▼

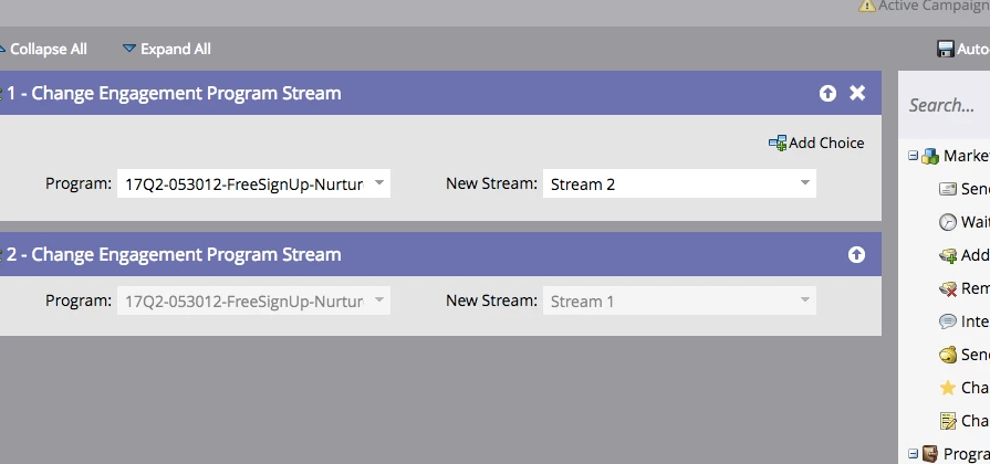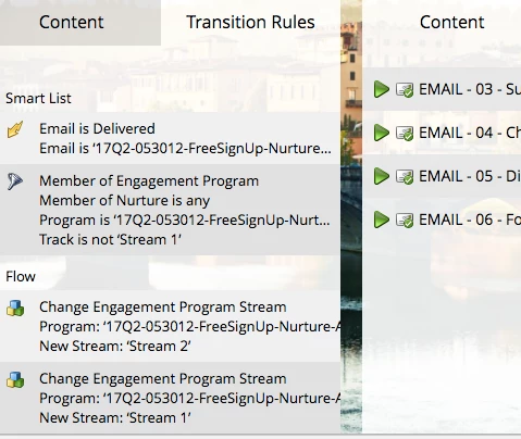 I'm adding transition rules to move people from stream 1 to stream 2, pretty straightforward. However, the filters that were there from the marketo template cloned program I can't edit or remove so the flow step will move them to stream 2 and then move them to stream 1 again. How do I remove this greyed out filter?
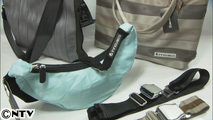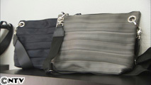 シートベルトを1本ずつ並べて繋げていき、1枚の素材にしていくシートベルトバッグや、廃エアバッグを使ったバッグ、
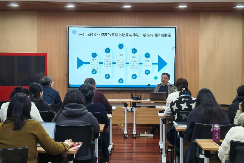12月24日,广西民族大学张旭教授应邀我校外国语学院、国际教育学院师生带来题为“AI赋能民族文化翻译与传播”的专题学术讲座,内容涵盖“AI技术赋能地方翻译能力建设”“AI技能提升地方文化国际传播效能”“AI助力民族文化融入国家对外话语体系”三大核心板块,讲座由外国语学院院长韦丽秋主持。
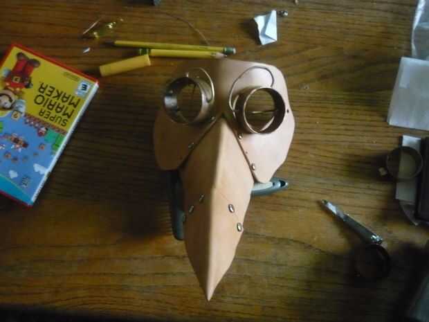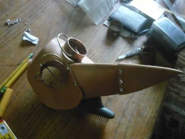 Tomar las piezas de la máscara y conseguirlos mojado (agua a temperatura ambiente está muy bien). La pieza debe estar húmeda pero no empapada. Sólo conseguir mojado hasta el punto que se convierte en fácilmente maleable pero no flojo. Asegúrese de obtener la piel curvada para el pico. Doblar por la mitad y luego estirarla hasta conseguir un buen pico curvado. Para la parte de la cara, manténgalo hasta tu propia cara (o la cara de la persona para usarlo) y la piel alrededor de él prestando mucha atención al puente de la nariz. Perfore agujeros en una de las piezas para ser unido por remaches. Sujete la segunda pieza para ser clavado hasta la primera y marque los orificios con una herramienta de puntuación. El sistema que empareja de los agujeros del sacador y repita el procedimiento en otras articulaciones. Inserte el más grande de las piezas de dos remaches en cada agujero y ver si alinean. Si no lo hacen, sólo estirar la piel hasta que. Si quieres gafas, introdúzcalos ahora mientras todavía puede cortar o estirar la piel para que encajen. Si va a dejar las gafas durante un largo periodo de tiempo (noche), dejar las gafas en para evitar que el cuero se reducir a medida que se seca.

▲

### WORK ITEM
From the line that holds "12月24日,广西民族大学张" to the last line of the data, return those lines exactly and nothing else; both ends count, and pictures stay out.

### THE ANSWER
12月24日,广西民族大学张旭教授应邀我校外国语学院、国际教育学院师生带来题为“AI赋能民族文化翻译与传播”的专题学术讲座,内容涵盖“AI技术赋能地方翻译能力建设”“AI技能提升地方文化国际传播效能”“AI助力民族文化融入国家对外话语体系”三大核心板块,讲座由外国语学院院长韦丽秋主持。
 Tomar las piezas de la máscara y conseguirlos mojado (agua a temperatura ambiente está muy bien). La pieza debe estar húmeda pero no empapada. Sólo conseguir mojado hasta el punto que se convierte en fácilmente maleable pero no flojo. Asegúrese de obtener la piel curvada para el pico. Doblar por la mitad y luego estirarla hasta conseguir un buen pico curvado. Para la parte de la cara, manténgalo hasta tu propia cara (o la cara de la persona para usarlo) y la piel alrededor de él prestando mucha atención al puente de la nariz. Perfore agujeros en una de las piezas para ser unido por remaches. Sujete la segunda pieza para ser clavado hasta la primera y marque los orificios con una herramienta de puntuación. El sistema que empareja de los agujeros del sacador y repita el procedimiento en otras articulaciones. Inserte el más grande de las piezas de dos remaches en cada agujero y ver si alinean. Si no lo hacen, sólo estirar la piel hasta que. Si quieres gafas, introdúzcalos ahora mientras todavía puede cortar o estirar la piel para que encajen. Si va a dejar las gafas durante un largo periodo de tiempo (noche), dejar las gafas en para evitar que el cuero se reducir a medida que se seca.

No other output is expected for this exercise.